INSTRUCTIONS TO FOLLOW ->
Return nothing but the lines from the one with "铝镁锰金属屋面突出的特点是整" through the one with "Je vais au restaurant" in the data below, word for word and without pictures.

DATA EXCERPTS ->
# # # #
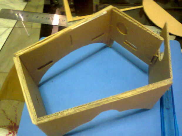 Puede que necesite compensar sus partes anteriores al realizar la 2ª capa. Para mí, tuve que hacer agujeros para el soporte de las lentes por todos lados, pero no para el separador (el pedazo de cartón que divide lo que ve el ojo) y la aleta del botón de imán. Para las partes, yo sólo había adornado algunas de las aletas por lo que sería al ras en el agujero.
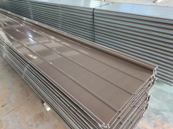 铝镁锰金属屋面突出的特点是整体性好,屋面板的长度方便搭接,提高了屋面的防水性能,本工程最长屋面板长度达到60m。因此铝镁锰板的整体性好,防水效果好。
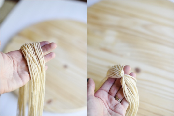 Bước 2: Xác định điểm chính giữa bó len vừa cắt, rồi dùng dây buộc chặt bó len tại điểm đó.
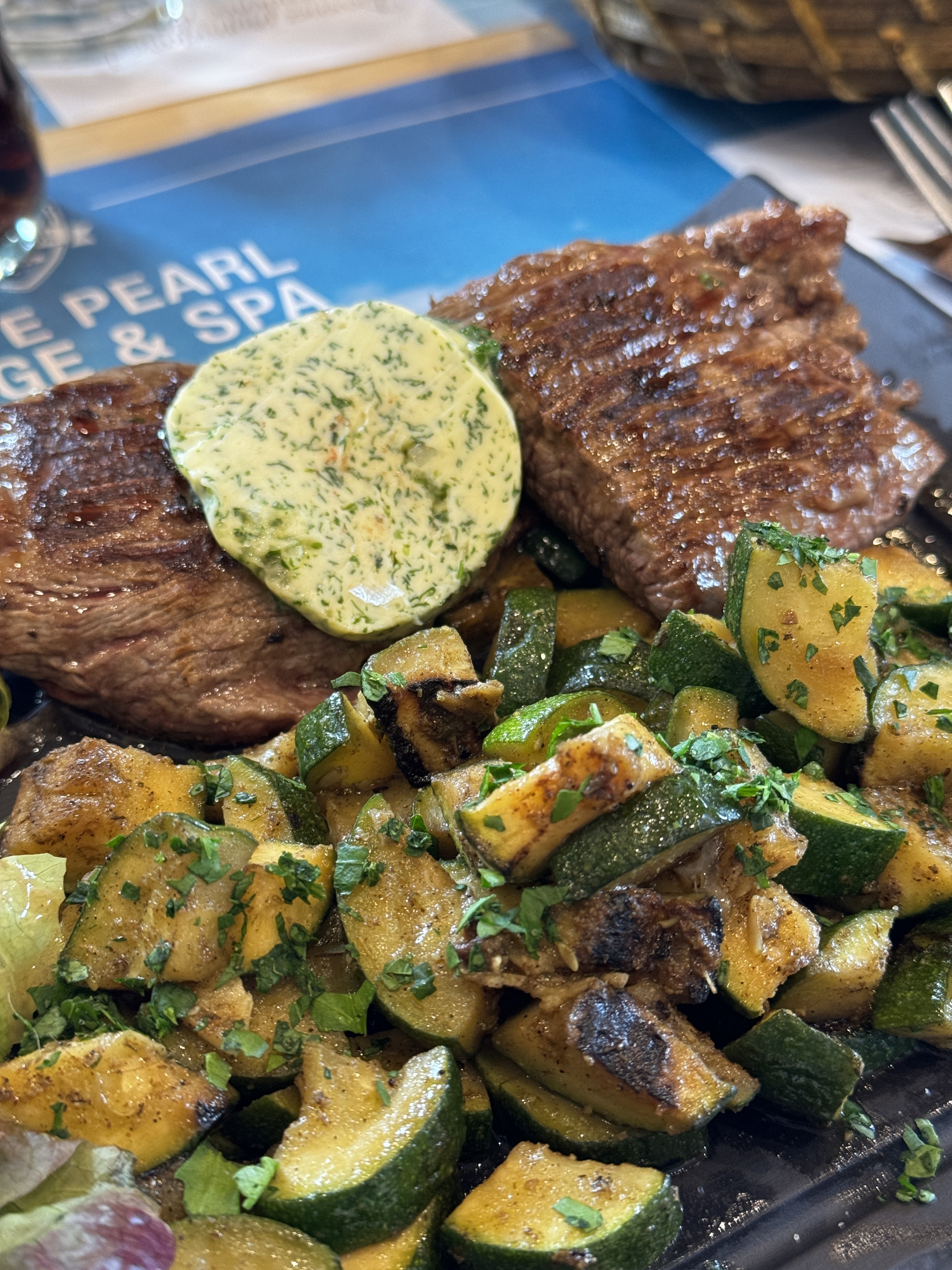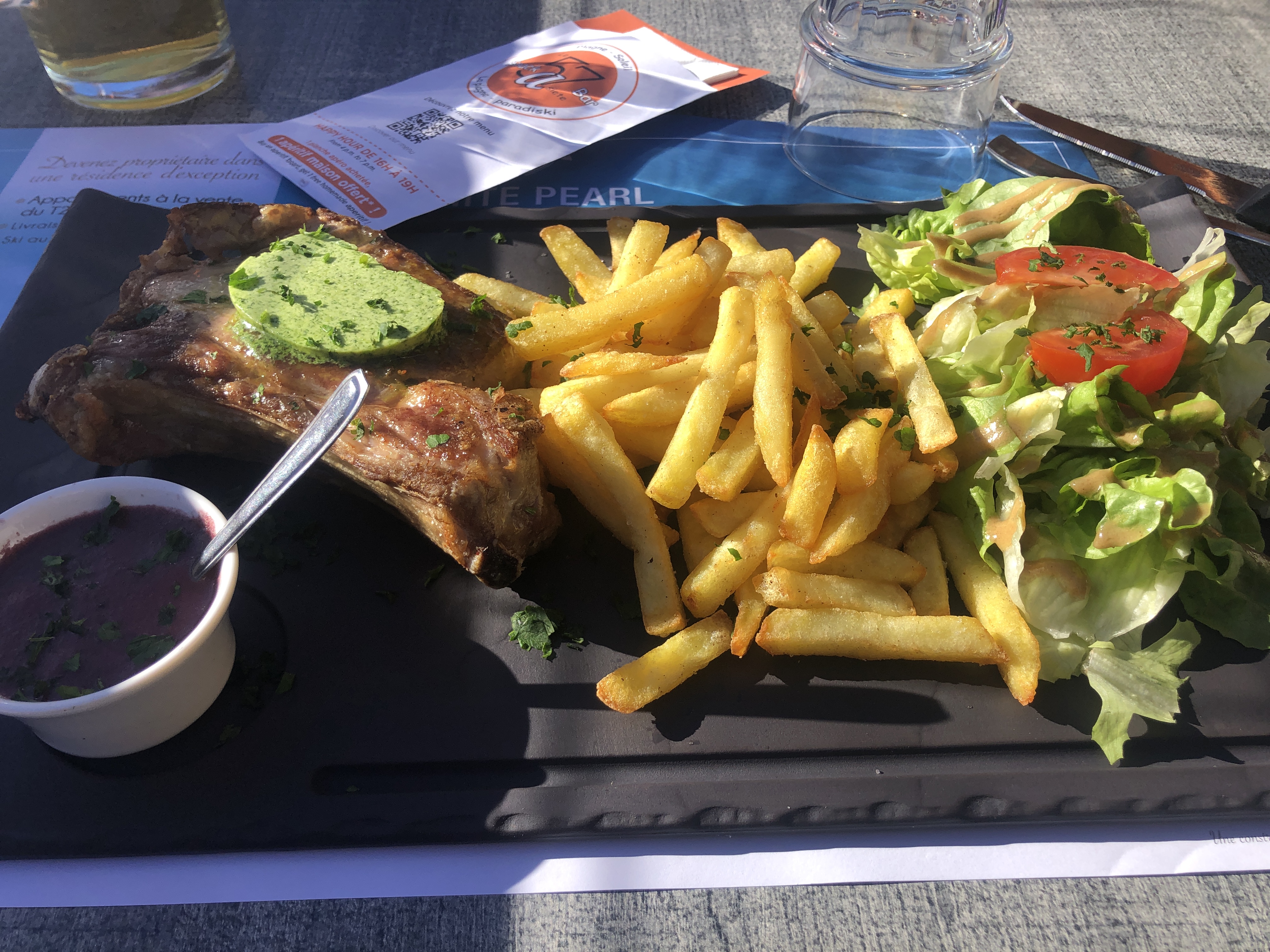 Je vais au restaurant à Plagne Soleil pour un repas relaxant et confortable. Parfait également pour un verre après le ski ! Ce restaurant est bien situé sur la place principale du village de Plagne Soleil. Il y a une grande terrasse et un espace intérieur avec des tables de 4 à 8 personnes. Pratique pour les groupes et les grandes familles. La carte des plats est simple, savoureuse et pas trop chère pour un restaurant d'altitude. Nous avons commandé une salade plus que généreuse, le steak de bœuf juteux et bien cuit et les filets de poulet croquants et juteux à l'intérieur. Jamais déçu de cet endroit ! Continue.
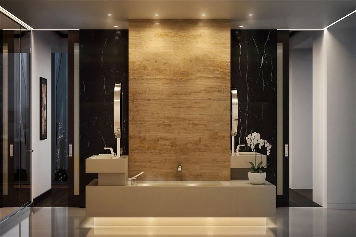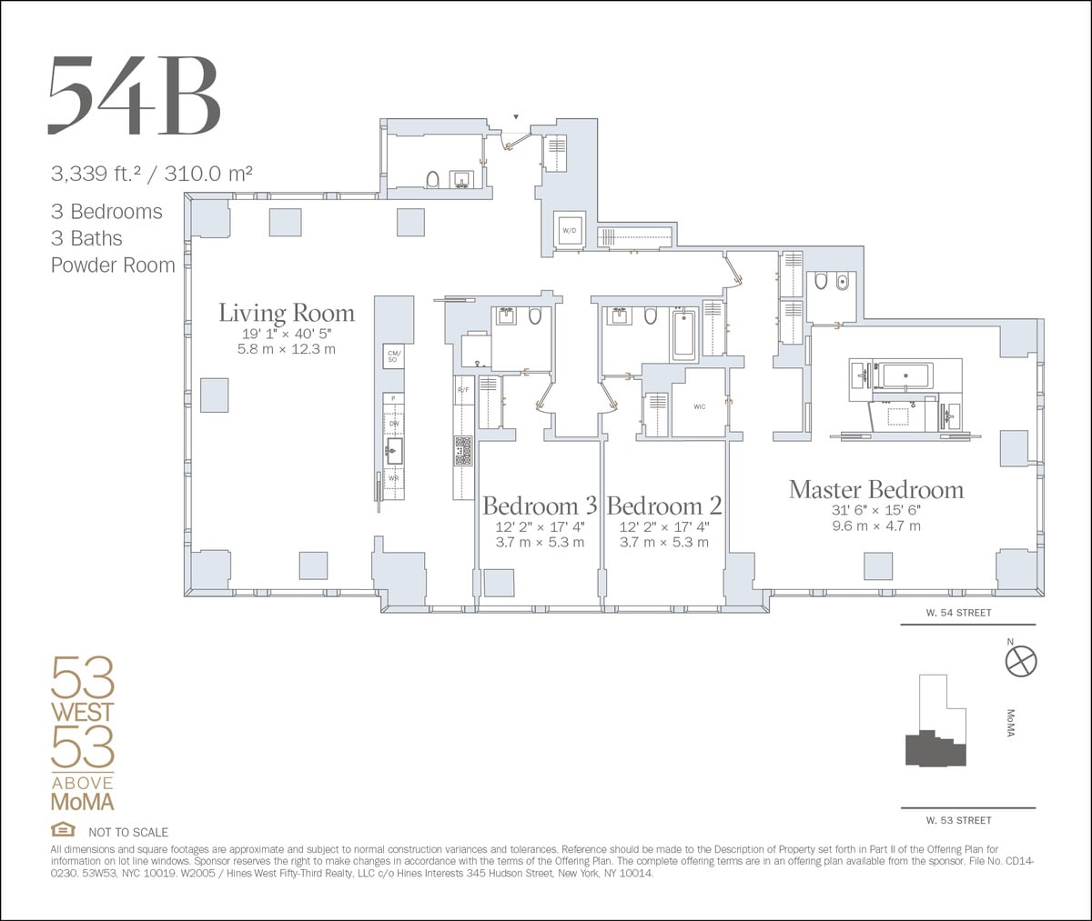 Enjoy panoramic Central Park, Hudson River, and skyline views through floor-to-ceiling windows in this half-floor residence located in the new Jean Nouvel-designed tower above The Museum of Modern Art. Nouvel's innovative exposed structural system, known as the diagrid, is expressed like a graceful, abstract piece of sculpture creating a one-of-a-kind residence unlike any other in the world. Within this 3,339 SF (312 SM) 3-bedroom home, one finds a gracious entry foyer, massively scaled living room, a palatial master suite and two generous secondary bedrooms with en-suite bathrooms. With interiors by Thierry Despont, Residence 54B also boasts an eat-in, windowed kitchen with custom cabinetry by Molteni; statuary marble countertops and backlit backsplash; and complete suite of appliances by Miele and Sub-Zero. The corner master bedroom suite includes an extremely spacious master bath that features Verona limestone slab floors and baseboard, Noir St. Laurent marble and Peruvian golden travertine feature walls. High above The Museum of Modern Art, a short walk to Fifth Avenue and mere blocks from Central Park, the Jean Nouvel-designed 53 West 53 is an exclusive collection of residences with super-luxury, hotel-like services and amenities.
# # # #
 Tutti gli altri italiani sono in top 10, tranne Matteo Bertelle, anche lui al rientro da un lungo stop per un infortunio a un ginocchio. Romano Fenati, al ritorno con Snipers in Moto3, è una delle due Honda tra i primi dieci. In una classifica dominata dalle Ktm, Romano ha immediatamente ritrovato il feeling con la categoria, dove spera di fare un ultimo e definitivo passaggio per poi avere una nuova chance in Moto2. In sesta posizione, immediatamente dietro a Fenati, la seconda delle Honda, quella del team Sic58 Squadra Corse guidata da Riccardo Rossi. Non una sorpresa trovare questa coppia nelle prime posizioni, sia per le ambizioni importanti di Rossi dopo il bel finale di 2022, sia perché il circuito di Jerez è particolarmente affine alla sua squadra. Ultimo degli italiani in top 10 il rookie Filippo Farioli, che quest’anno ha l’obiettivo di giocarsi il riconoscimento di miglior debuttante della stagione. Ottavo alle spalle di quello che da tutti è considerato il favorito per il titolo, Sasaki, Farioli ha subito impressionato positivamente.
# # # #
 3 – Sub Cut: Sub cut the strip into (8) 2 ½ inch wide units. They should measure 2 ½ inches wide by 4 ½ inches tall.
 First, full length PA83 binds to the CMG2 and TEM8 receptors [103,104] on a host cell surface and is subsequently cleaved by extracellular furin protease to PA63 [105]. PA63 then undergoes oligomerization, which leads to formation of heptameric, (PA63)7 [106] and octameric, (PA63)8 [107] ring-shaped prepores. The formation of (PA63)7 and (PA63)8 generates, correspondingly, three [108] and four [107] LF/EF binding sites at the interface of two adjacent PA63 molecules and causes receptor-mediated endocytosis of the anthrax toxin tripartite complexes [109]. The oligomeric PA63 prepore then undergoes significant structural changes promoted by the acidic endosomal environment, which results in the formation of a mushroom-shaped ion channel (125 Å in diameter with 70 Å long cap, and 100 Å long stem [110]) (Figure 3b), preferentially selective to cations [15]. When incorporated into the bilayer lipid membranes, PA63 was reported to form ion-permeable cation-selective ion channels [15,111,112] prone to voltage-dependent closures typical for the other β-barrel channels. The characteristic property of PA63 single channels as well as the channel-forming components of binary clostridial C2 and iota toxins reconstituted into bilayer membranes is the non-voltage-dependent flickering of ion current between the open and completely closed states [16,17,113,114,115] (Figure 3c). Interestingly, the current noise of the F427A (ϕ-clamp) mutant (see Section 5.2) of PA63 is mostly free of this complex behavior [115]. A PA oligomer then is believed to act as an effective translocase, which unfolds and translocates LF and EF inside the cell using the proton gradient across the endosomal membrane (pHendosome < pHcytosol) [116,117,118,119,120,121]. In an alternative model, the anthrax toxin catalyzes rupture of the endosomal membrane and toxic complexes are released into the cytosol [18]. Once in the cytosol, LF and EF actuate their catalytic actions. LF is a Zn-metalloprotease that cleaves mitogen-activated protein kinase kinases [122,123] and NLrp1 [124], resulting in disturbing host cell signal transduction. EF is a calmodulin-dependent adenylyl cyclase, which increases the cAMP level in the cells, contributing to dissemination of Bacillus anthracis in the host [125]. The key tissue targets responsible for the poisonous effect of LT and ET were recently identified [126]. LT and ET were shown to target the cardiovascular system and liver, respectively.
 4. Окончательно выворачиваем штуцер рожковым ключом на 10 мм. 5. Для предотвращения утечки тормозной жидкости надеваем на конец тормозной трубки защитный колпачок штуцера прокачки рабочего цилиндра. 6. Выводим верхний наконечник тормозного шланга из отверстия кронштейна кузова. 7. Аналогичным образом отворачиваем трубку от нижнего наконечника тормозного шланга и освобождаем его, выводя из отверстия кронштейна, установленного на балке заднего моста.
# # # #
ANSWER BOX ->
 铝镁锰金属屋面突出的特点是整体性好,屋面板的长度方便搭接,提高了屋面的防水性能,本工程最长屋面板长度达到60m。因此铝镁锰板的整体性好,防水效果好。
 Bước 2: Xác định điểm chính giữa bó len vừa cắt, rồi dùng dây buộc chặt bó len tại điểm đó.
 Je vais au restaurant à Plagne Soleil pour un repas relaxant et confortable. Parfait également pour un verre après le ski ! Ce restaurant est bien situé sur la place principale du village de Plagne Soleil. Il y a une grande terrasse et un espace intérieur avec des tables de 4 à 8 personnes. Pratique pour les groupes et les grandes familles. La carte des plats est simple, savoureuse et pas trop chère pour un restaurant d'altitude. Nous avons commandé une salade plus que généreuse, le steak de bœuf juteux et bien cuit et les filets de poulet croquants et juteux à l'intérieur. Jamais déçu de cet endroit ! Continue.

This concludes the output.